(Stored items from a collection)
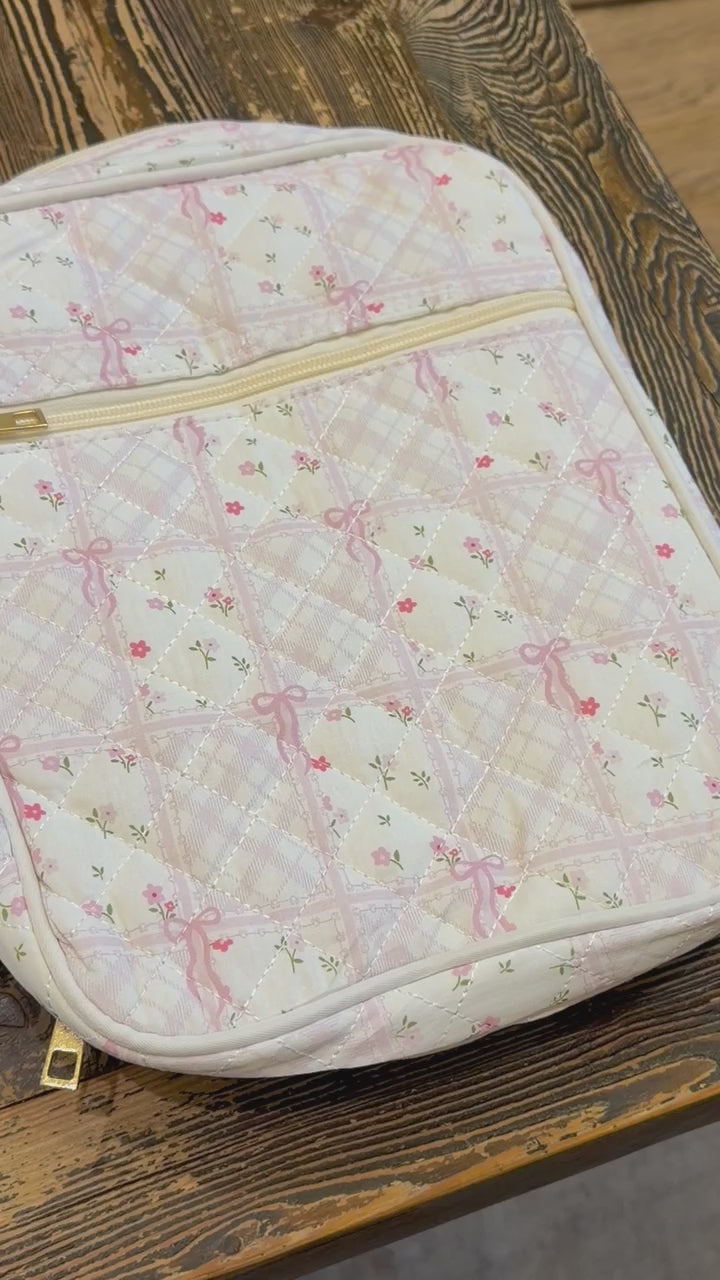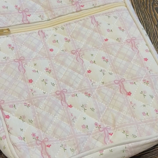 Each cover can be personalized with a monogram, name, or initials, making it a thoughtful gift for yourself or a loved one. The soft cotton quilting offers both charm and durability, while the secure zipper closure keeps everything neatly in place.
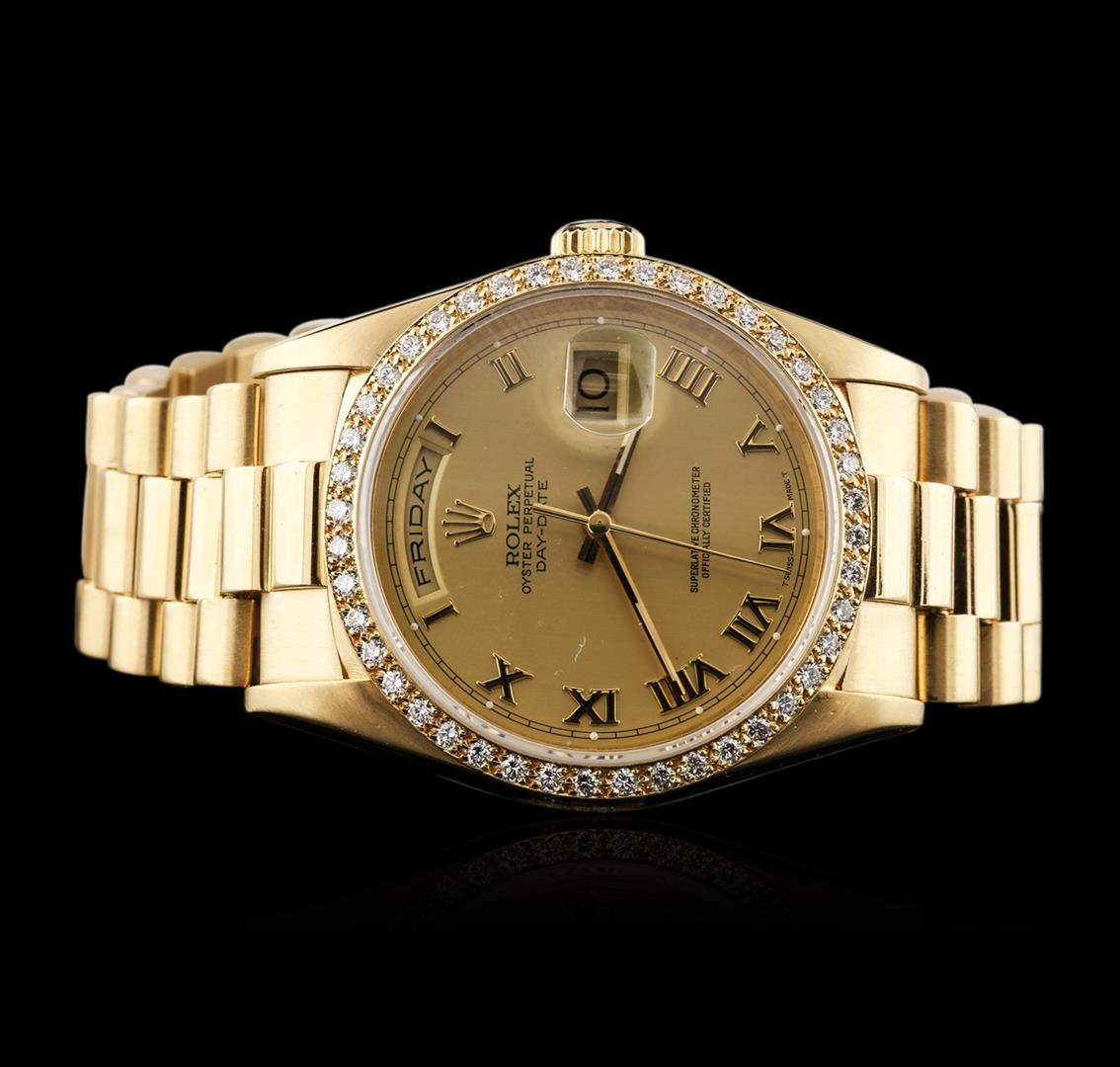 One gents, hand crafted & machine milled Rolex DayDate Model The President wristwatch electronically tested 18KT yellow gold, Case: 36mm oyster, Crown: twin lock with logo, Bezel: diamond set, Crystal: synthetic sapphire cyclops lens. Circa: 1990.Movement: superlative chronometer, Dial: Light Champagne color, baton hands & raised Roman numerals, Calendar: double quick set, Bracelet: 18KT yellow gold, bright & satin finish, Condition: G-5 Fine. Seven inch length. Concealed deployment clasp, with logo. Containing: Forty Five prong set round brilliant cut diamonds, approximate total weight equals 1.20ct. Clarity VVS-2. Color: F -H. Total Weight of Diamonds 1.20ct. Total Weight of Watch 133.87 grams. AIG Appraised at $28,050.00.
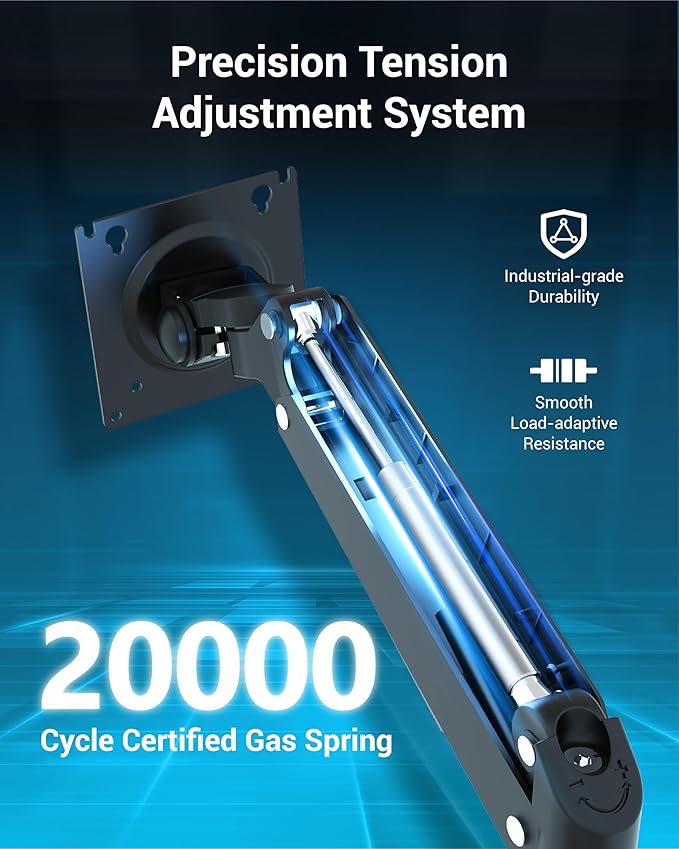 - 【Industrial-Grade Durability】 Equipped with premium gas springs to eliminate rebound, our 2 monitor desk mount delivers ultra-smooth, effortless screen adjustments—far surpassing standard stands. Rigorously tested over 20,000+ cycles, it guarantees rock-solid stability at every extension angle.
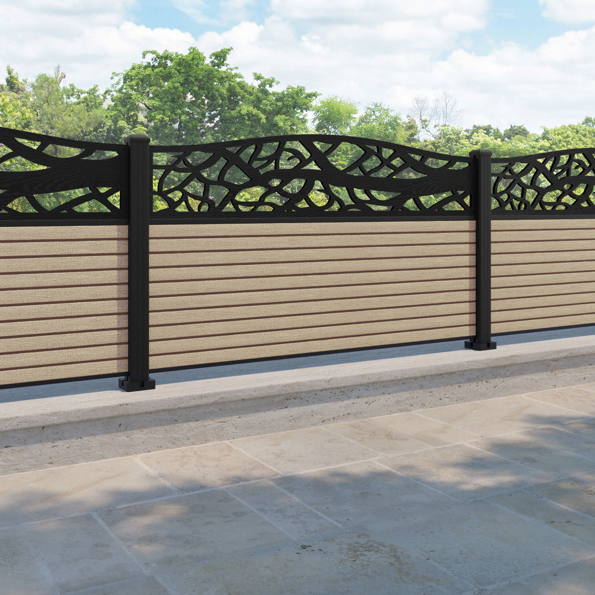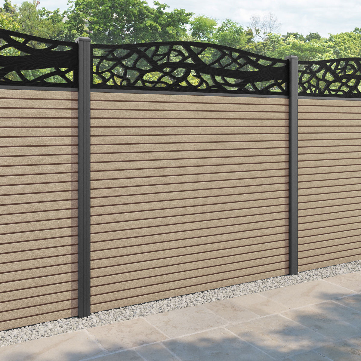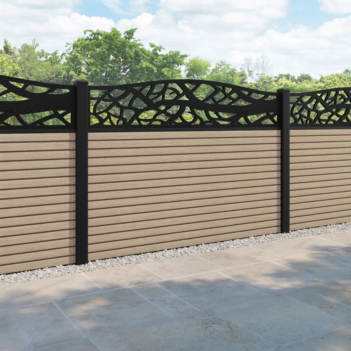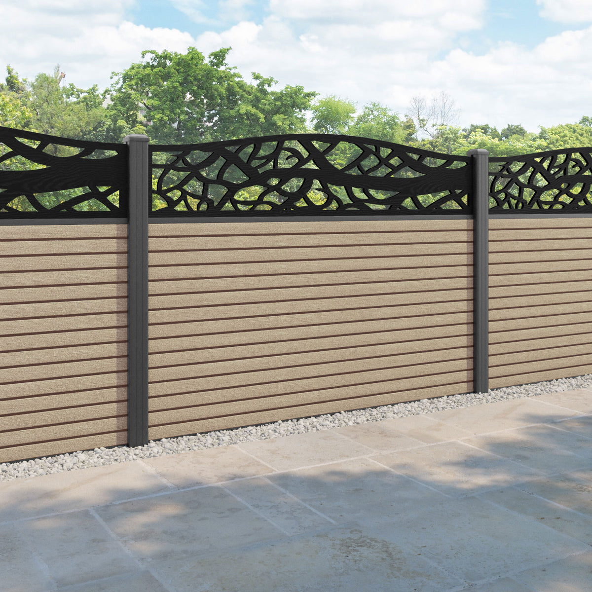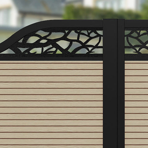 Hudson Twilight Curved Top Fence Panel Light Oak - with our aluminium posts
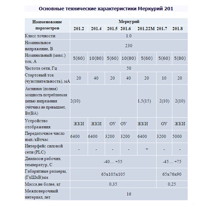 Передаточное число имп./кВтчас | 6400 | 6400 | 3200 | 3200 | 6400 | 3200 | 5000 |
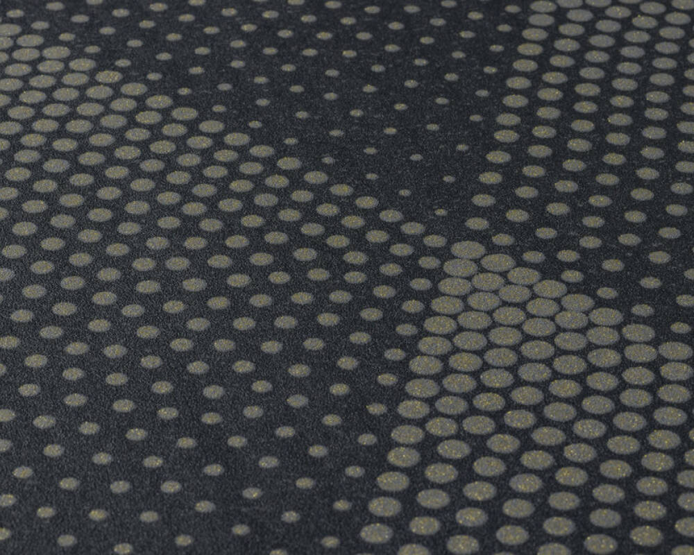 A beautiful all-over pattern with tiny polka dots arranged in a triangle to produce a stunning cascade of glitter. Black & Gold Glitter is the colour scheme used here.
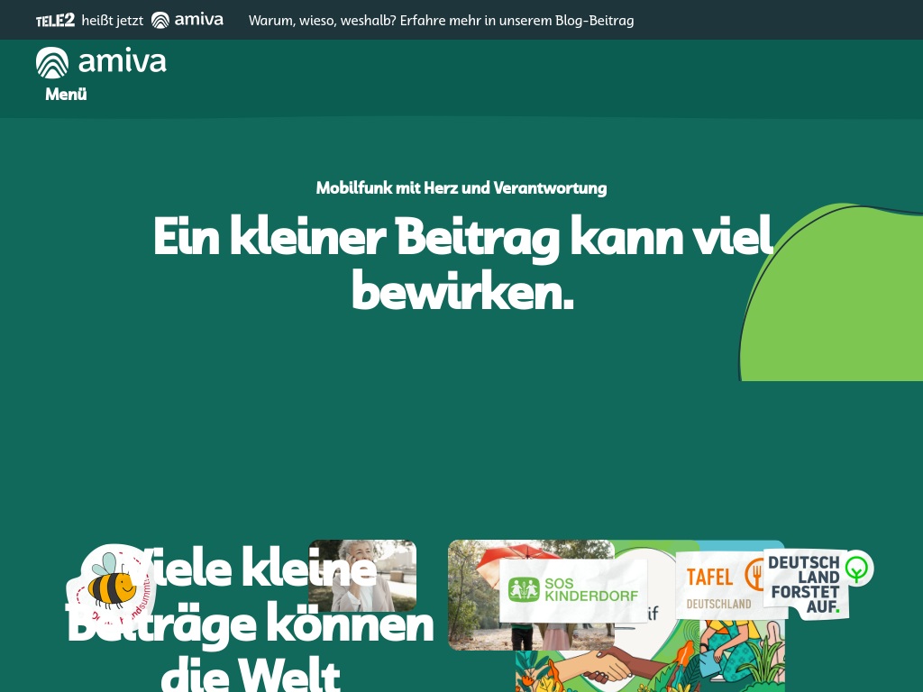 Für jeden neu abgeschlossenen Mobilfunkvertrag überweist Amiva monatlich einen Euro an eine von vier gemeinnützigen Organisationen: Deutschland Forstet Auf gUG, Deutschland summt! (Stiftung für Mensch und Umwelt), Tafel Deutschland e.V. und SOS-Kinderdorf e.V.

*Action item*.
When copying from the data above, begin at the line containing "One gents, hand" and end at the line containing "Передаточное число имп./кВтчас"; return those lines exactly and leave all pictures behind.

*Task answer*.
 One gents, hand crafted & machine milled Rolex DayDate Model The President wristwatch electronically tested 18KT yellow gold, Case: 36mm oyster, Crown: twin lock with logo, Bezel: diamond set, Crystal: synthetic sapphire cyclops lens. Circa: 1990.Movement: superlative chronometer, Dial: Light Champagne color, baton hands & raised Roman numerals, Calendar: double quick set, Bracelet: 18KT yellow gold, bright & satin finish, Condition: G-5 Fine. Seven inch length. Concealed deployment clasp, with logo. Containing: Forty Five prong set round brilliant cut diamonds, approximate total weight equals 1.20ct. Clarity VVS-2. Color: F -H. Total Weight of Diamonds 1.20ct. Total Weight of Watch 133.87 grams. AIG Appraised at $28,050.00.
 - 【Industrial-Grade Durability】 Equipped with premium gas springs to eliminate rebound, our 2 monitor desk mount delivers ultra-smooth, effortless screen adjustments—far surpassing standard stands. Rigorously tested over 20,000+ cycles, it guarantees rock-solid stability at every extension angle.
 Hudson Twilight Curved Top Fence Panel Light Oak - with our aluminium posts
 Передаточное число имп./кВтчас | 6400 | 6400 | 3200 | 3200 | 6400 | 3200 | 5000 |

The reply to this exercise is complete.